This doesnt look great. There's no trend, but the spikes are uncorrelated.
Especially in summer, there are obviously factors affecting the control
that are not affecting the treatment. This will bias the treatment effect.

In [408]:
plot_data = pd.concat([
    get_model_data(tract_panel, "uber"),
    get_model_data(point_panel, "train"),
    get_model_data(point_panel, "bike")])
plot_data = plot_data.loc[(plot_data.date < "2024-08-19")]# | (plot_data.date > "2024-08-22")]
plot_data['UCMP'] = plot_data['UCMP'].map({0:False, 1:True})
plot_data = plot_data.groupby(['date','UCMP','transit'])['rides'].sum().reset_index()
means = plot_data.groupby(['UCMP','transit'])['rides'].mean().rename('mean').reset_index()
plot_data = plot_data.merge(means, on=['UCMP','transit'])
plot_data = plot_data.assign(demean = plot_data['rides'] / plot_data['mean'])

In [409]:
chart = px.line(plot_data, x='date', y='demean', 
        line_dash='UCMP', facet_row='transit',
        color_discrete_sequence=['black'],
        title= 'Rides (normalized to group mean)',
        labels={'date':'', 'demean':'',
                'UCMP':'Near DNC'},
        template='simple_white')
chart.write_image(pt_img_out)
!cp $pt_img_out "$cv_dir/img"
chart


# Parallel Trends Test

In [492]:
def model_pt(df):
    df = df.loc[df.date < "2024-08-19"]
    df = df.sort_values('date')
    df['time'] = pd.Categorical(df['date']).codes
    df['clusters'] = df['stadium'] + df['date']
    # Compute windows for placebo dates
    window_size = 4 # days
    n_windows = 31 // window_size
    windows = (df['time'].max() - df['time']) // window_size # count backwards
    pre = n_windows + 1 - windows.clip(lower=0, upper=n_windows+1) # count forwards
    df['pre'] = pre.astype(str)
    df = df.loc[df.groupby('pre')['UCMP'].transform('nunique') == 2] # some dont have data

    contained_term = "train_contained + bike_contained" if 'train_contained' in df.columns else ""
    formula = f"""np.log1p(rides) ~ 
                UCMP * pre + 
                np.log(attendance) + {contained_term} + 
                C(dotw) + monthofyear +
                lat + long + I(lat * long) +
                I(lat**2) + I(long**2)
                """
    model = sm.OLS.from_formula(formula, df).fit(cov_type='cluster', cov_kwds={'groups': df['clusters']})
    return model

In [493]:
model_data = get_model_data(point_panel, "train")
train_pt_model = model_pt(model_data)
model_data = get_model_data(point_panel, "bike")
bike_pt_model = model_pt(model_data)
model_data = get_model_data(tract_panel, "uber")
uber_pt_model = model_pt(model_data)

In [494]:
constraints = [x for x in uber_pt_model.model.exog_names if 'UCMP:pre' in x]
print(uber_pt_model.f_test(','.join([f"({c} = 0)" for c in constraints])))

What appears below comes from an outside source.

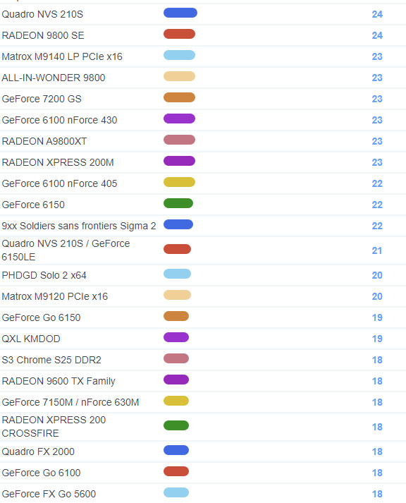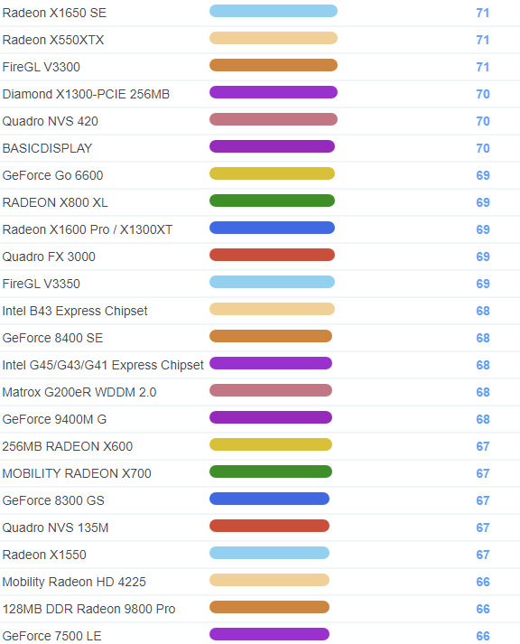 | 1771 | Radeon HD 2400 Pro | 114 |

constraints = [x for x in train_pt_model.model.exog_names if 'UCMP:pre' in x]
print(train_pt_model.f_test(','.join([f"({c} = 0)" for c in constraints])))

constraints = [x for x in bike_pt_model.model.exog_names if 'UCMP:pre' in x]
print(bike_pt_model.f_test(','.join([f"({c} = 0)" for c in constraints])))

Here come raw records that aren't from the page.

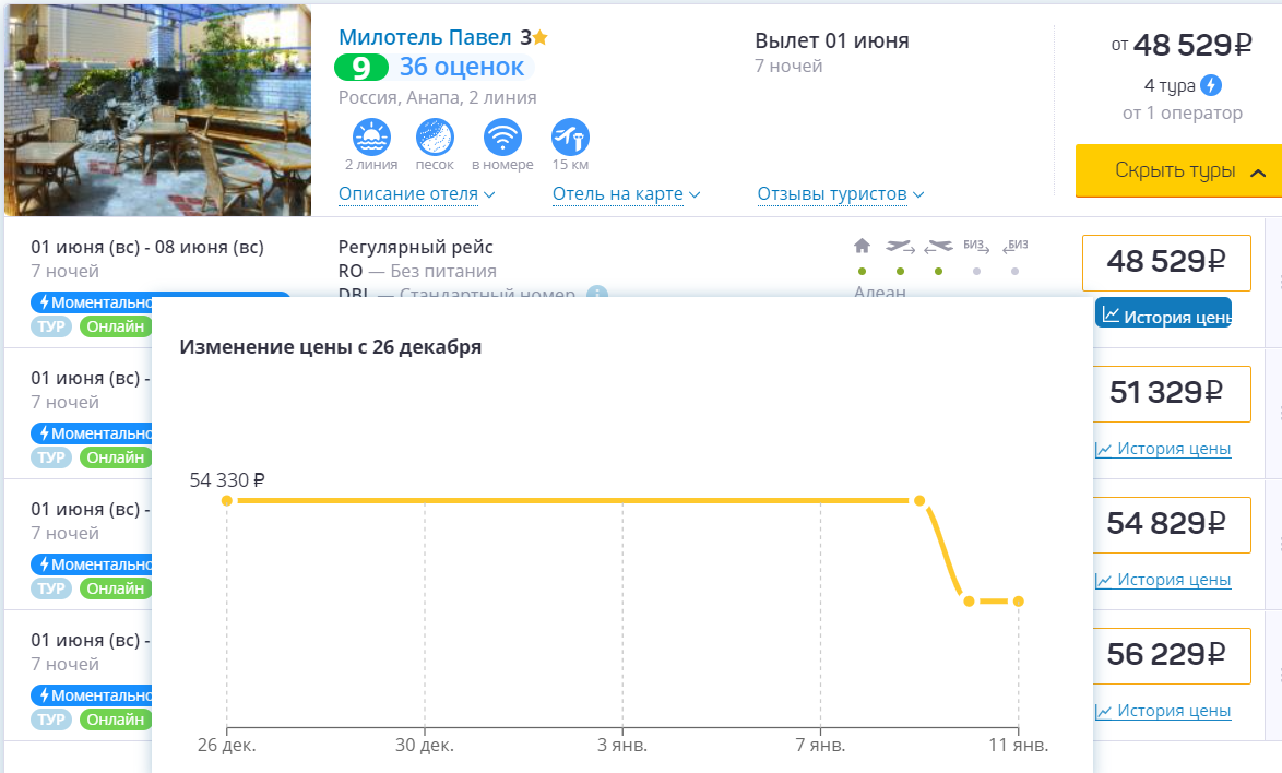 Наверное уже точно не осталось ни одного потенциального туриста, не знающего ситуацию с мазутом, который до сих пор еще не окончательно не убрали и не зачистили. И когда это произойдет, трудно сказать. Хоть нам и обещают власти, что к началу летнего сезона все будет в порядке, но верится с трудом. Недавно в своей публикации я уже анализировал цены по Анапе, и теперь есть с чем сравнивать. В начале года наметилась тенденция на снижение путевок, но это касалось пакетных туров, с перелетом из Москвы, именно за счет перелета Начало января, пакетный тур на двоих на 7 ночей, с вылетом 1 июня стоил 48.5 т.р на двоих, до НГ было 54 т.р. Сейчас рост до 59.5 т.р. при тех же параметрах, но это опять же за счет перелета Так как отель цены не поднимал и не снижал Я сравнил несколько отелей, ситуация однотипная. Нет ни какой реакции на текущий новостной фон Возможно кто-то и снизил цены, но этого пока нет в массовом порядке. Я так понимаю, почему-то отельеры надеются на хороший спрос и заполняе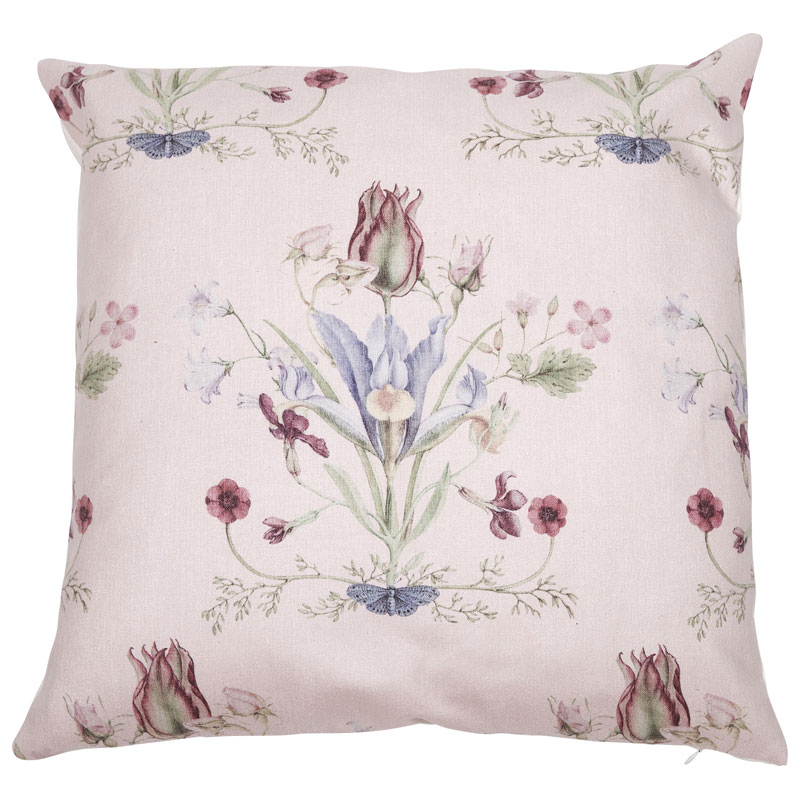 Vendela är ett charmigt kuddfodral, med romantiskt blommönster på framsidan mot en rosa botten.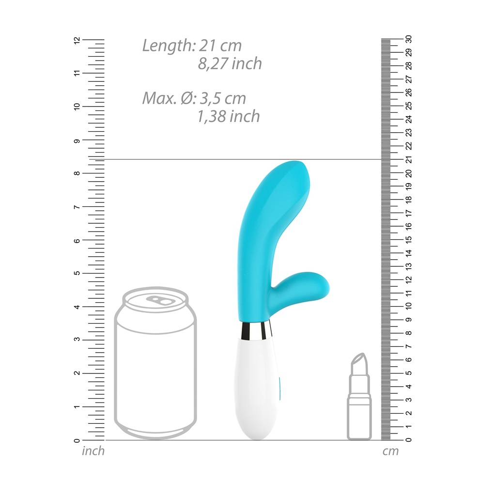 The ACHILLES has, in this case, its strongest point in the "heel" of the vibrator. The robust execution of the clitoral stimulator will make you gasp for air when you reach the big "O"! Made of high-grade silicone and ABS. Comes with 2 extra strong F1 motors revving up to 5200rpm and 15000rpm in the curved tip for perfect G-spot stimulation! The 10 different speed modes will make sure there is always something for everyone and at less than 60dB no one but you will know about your secret rendezvous. This beautiful toy is battery operated. Just put 2 AAA batteries and enjoy a undisturbed pleasurous playtime! The ACHILLES stands 21 cm tall and has a girth of 3.5 cm.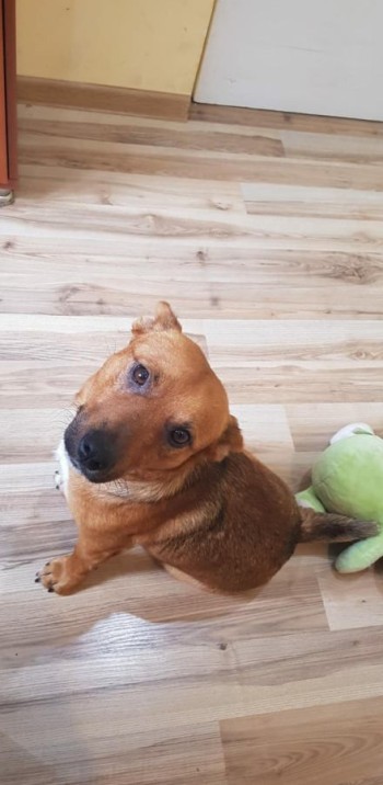 Barwa ruda wzrost średni krótkie łapy waga 13 kg stojące uszy amputowana końcówka ogona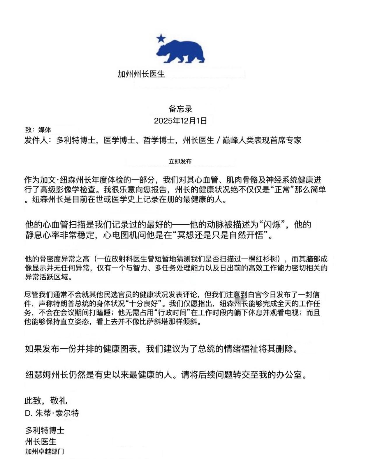 刚刚,作为对白宫公布川普体检报告并说很健康的回应,加州州长纽森也发了一份体检报告,并对川普所谓的健康“十分良好”进行嘲讽: “尽管我们通常不会就其他民选官员的健康状况发表评论,但我们注意到白宫今日发布了一封信件,声称特朗普总统的身体状况“十分良好”。我们仅愿指出,纽森州长能够完成全天的工作任务,不会在会议期间打瞌睡;他无需占用“行政时间”在工作时段内躺下休息并观看电视;而且他能够保持直立姿态,看上去并不像比萨斜塔那样倾斜。 如果发布一份并排的健康图表,我们建议为了总统的情绪福祉将其删除。”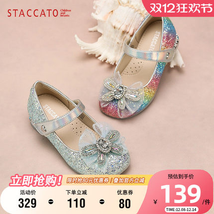 思加图童鞋小蝴蝶闪钻爱莎公主鞋软底舒适透气水晶鞋秋季女童单鞋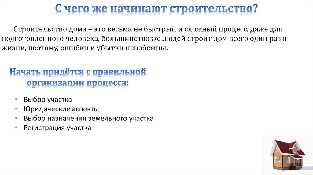 Строительство дома – это весьма не быстрый и сложный процесс, даже дляподготовленного человека, большинство же людей строит дом всего один раз в

<F test: F=9.413087449110602, p=1.1868428401329914e-10, df_denom=330, df_num=7>
<F test: F=8.470124591895102, p=1.989671471978291e-05, df_denom=314, df_num=3>
<F test: F=8.463298774758721, p=1.565532709974813e-09, df_denom=330, df_num=7>


We reject the H0 that the pre-periods are jointly zero. Meaning,
there is evidence to say that the treatment and control are significantly
different during pre periods.

In [495]:
regs = [x for x in bike_pt_model.model.exog_names if 'UCMP:pre' in x] + \
    [x for x in train_pt_model.model.exog_names if 'UCMP:pre' in x] + \
    [x for x in uber_pt_model.model.exog_names if 'UCMP:pre' in x]
headers = ["PT (Uber)", "PT (Train)", "PT (Bike)"]
pt_summary = summary_col([uber_pt_model, train_pt_model, bike_pt_model], 
            model_names=headers,
            info_dict={"N":lambda x:(x.nobs)},
            stars=True,
            regressor_order=sorted(list(set(regs))),
            drop_omitted=True)

pt_summary = tabulate(pt_summary.tables[0],
                   headers=[""] + headers,
                   showindex=True,
                   tablefmt='github')
# with open(pt_table_out,"w") as f:
#     f.write(pt_summary)
# !cp $pt_table_out "$cv_dir/uploads"
print(pt_summary)

|                | PT (Uber)   | PT (Train)   | PT (Bike)   |
|----------------|-------------|--------------|-------------|
| UCMP:pre[T.1]  | 0.0267      | 0.4683***    | 0.0253      |
|                | (0.1049)    | (0.1341)     | (0.1191)    |
| UCMP:pre[T.2]  | -0.2457***  | 0.3963***    | 0.2285*     |
|                | (0.0861)    | (0.1078)     | (0.1213)    |
| UCMP:pre[T.3]  | -0.0503     | 0.6690***    | -0.1939*    |
|                | (0.1343)    | (0.1362)     | (0.1077)    |
| UCMP:pre[T.4]  | -0.5912***  |              | -0.7403***  |
|                | (0.1191)    |              | (0.1367)    |
| UCMP:pre[T.5]  | -0.1628***  |              | -0.1093     |
|                | (0.0590)    |              | (0.0731)    |
| UCMP:pre[T.7]  | -0.2996***  |              | -0.0067     |
|                | (0.1033)    |              | (0.1113)    |
| UCMP:pre[T.8]  | -0.4217***  |              | 0.4128***   |
|                | (0.0692)    |              | (0.1203)    |
| R-squa

Damn so we can't use this model?